Multi-Sensory/Acoustic Data Processing

Acoustic Signal Processing

Speech, sounds, and audio events are vectors of information which are very important in many contexts and applications. However, the exploitation of this information needs the correct acquisition and spatial processing of the propagating acoustic wavefield. The microphone array is a flexible tool which makes possible the directional capture of sounds (to improve signal quality in noisy environments), as well as the localization of the acoustic sources of interest and the generation of acoustical images (to map in real-time  acoustic events inside a given space).

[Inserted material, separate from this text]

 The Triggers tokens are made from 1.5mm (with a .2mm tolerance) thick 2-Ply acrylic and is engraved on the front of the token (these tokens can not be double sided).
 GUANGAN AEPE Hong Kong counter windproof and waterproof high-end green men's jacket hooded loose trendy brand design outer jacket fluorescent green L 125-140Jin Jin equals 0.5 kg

Acoustic signal processing

PAVIS is active in array signal processing, with special emphasis on spatial processing of acoustic signals. Our current research encompasses array synthesis, beamforming methods and acoustical imaging. In particular, great attention is paid to the synthesis of optimized arrays, sparse and aperiodic, in connection with robust superdirective beamforming for wideband signals, implemented in the frequency domain. These array signal processing strategies are the basis for the design of innovative acoustic imaging systems which work in near-field and generate 3-D maps in real-time. Our team carries out research in all of these topics through a combination of theoretical investigation and experimental testing.

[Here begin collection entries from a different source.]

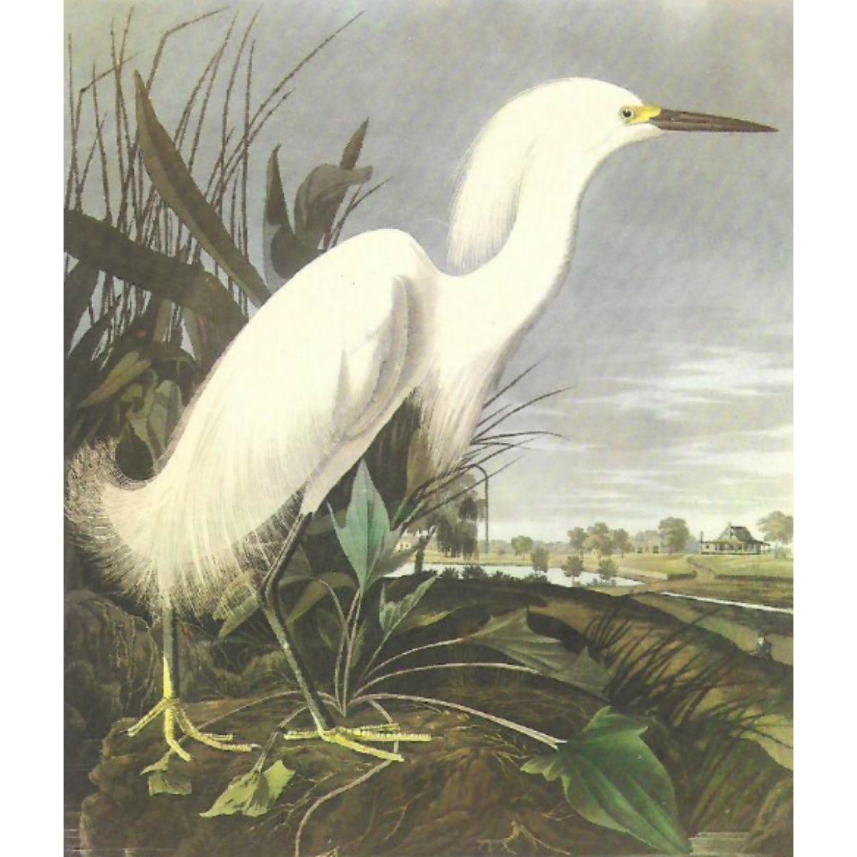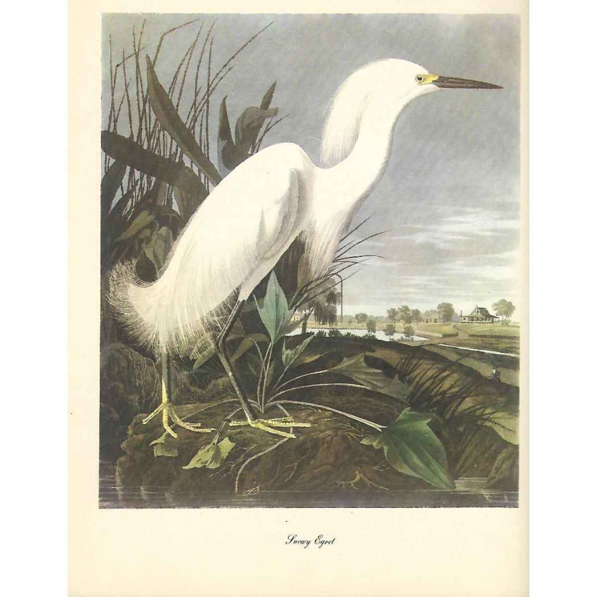 c1950 Audubon print, Snowy Egret - vintage print, from the collection, " Audubon - Fifty Selections With Commentaries by Roger Tory Peterson". 9" X 12" print size. Comes with 11" X 14" mat board.
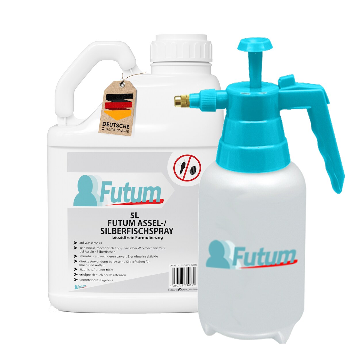 FUTUM 5L Silberfischspray / Asselspray bekämpft Insekten, Eier, Larven ohne Biozide auf Wasserbasis, Sofortwirkung ohne Flecken + TRIGGER
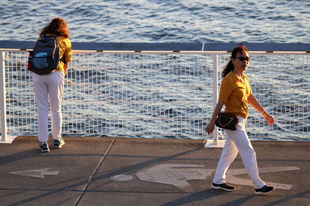 Two women with the same outfit on the Seattle waterfront in Fall 2022.
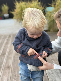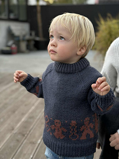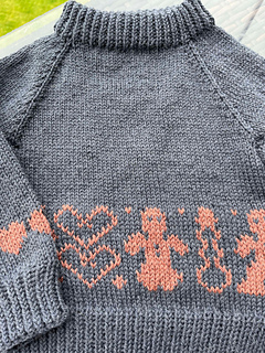 The Gingerbread Sweater is knitted from the bottom up, starting with the body and sleeves, which are worked separately. Once the body and sleeves are complete, they are joined together, and the yoke is shaped with raglan decreases. The sweater features a simple but beautiful colourwork pattern in contrasting colours.

In addition to signal capturing and spatial processing, research activities devoted to high-level processing and understanding of acoustic signals are carried out as well. Audio foreground extraction, audio event classification, and joint audio-video calibration and processing are examples of some current research topics.

Multi sensor data fusion

Multi-sensor data fusion is an emerging research field whose aim  is to combine information from multiple and diverse sources (e.g. different sensors – thermal and visible spectrum cameras, laser, range sensors, microphones, RFID  etc.) to achieve inferences that cannot be obtained from a single sensor or source, or whose quality exceeds that of an inference drawn from any single source. To cite a few examples: person identification can be improved through a combination of audio (voice) and video (silhouette) cues, or object tracking in adverse weather conditions can take advantage from the fusion of thermal and visible camera images.

Multi sensor data fusion

Multi-sensor data fusion is inherently a multi-disciplinary subject that draws from such areas as statistical estimation, signal processing, computer vision and machine learning.

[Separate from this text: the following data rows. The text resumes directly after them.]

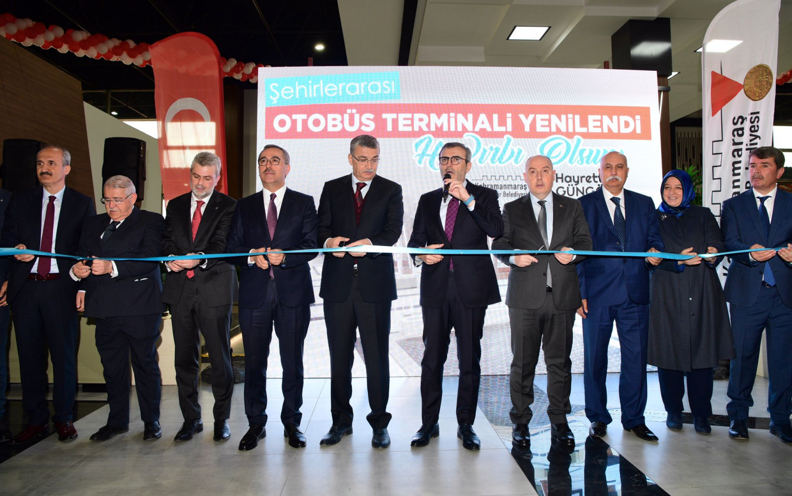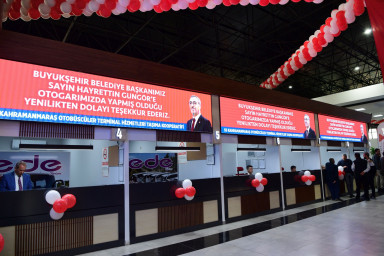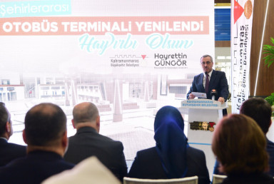 Kahramanmaraş Büyükşehir Belediyesi tarafından baştan uca yenilenen Şehirlerarası Otobüs Terminali’nin açılış töreni gerçekleştirildi. Programa Büyükşehir Belediye Başkanı Hayrettin Güngör’ün yanı sıra Vali Ömer Faruk Coşkun, AK Parti Grup Başkan Vekili Mahir Ünal, İçişleri Komisyonu Başkanı Celalettin Güvenç, ilçe belediye başkanları, AK Parti İl Başkanı Fırat Görgel, muhtarlar, STK temsilcileri ile vatandaşlar katıldı. Programın açılış konuşmasını yapan Terminal Hizmetleri ve Yolcu Taşımacılığı Kooperatifi Başkanı Bünyamin Sökmen, gerçekleştirilen yatırımın hem şehir hem de esnaf için çok önemli olduğunu ifade etti.
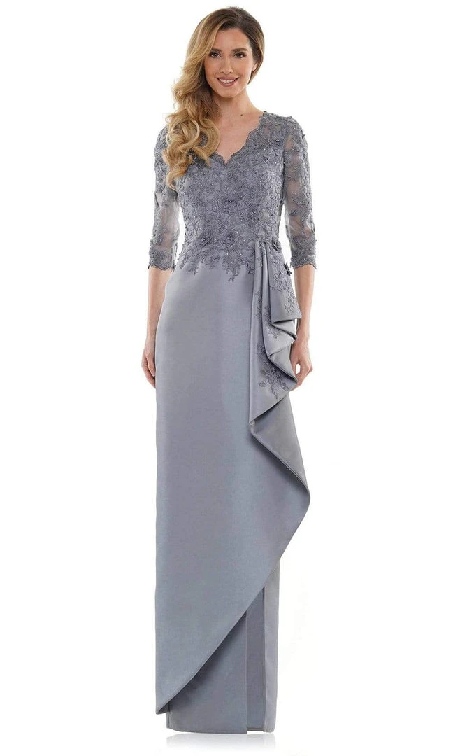 Heighten your elegance appeal as you wear this Marsoni by Colors MV1134 evening dress. This dress highlights a V neckline supported by half sleeves in a fitted and lace appliqued bodice. The skirt reveals a sheath silhouette while the back shows a full back with back zipper closure. Dare to bare in this classy Marsoni by Colors design.
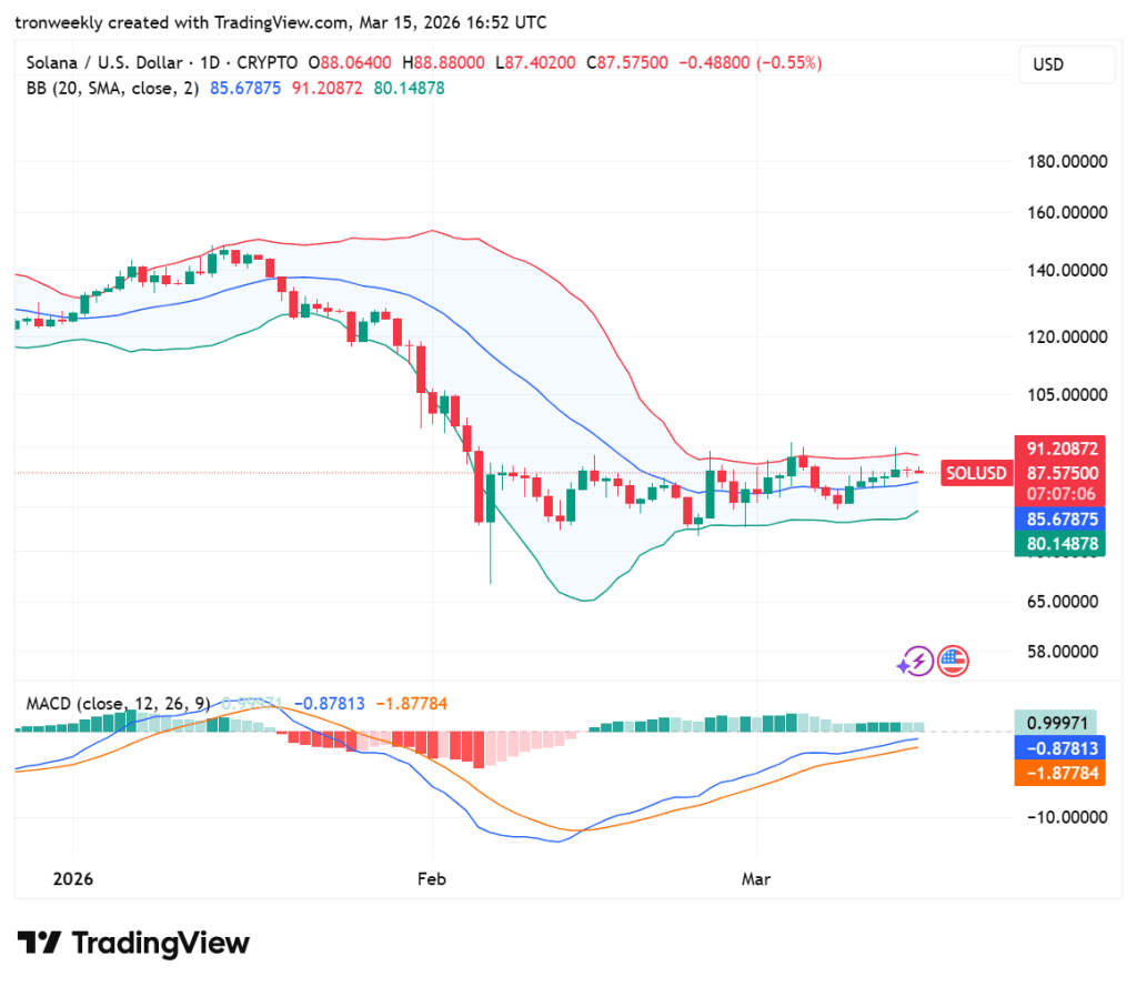 Currently, the asset is trading at $87.57, with the candles compressing around the 20-day SMA, indicating a high volatility squeeze is underway.

PAVIS is concerned with the development  of multi-sensor data fusion techniques mainly for automated surveillance applications. In this context, different tasks such as person detection, tracking and re-identification, behavior analysis, and high level scene understanding are addressed, with the aim to investigate potential improvements with a multi-sensor set up through a combination of theoretical analysis and experimental testing.

Due to the multifarious nature of the sensor devices adopted, there are strong interactions with other research areas of PAVIS, such as Acoustic Signal Processing and Visual Geometry and Modeling.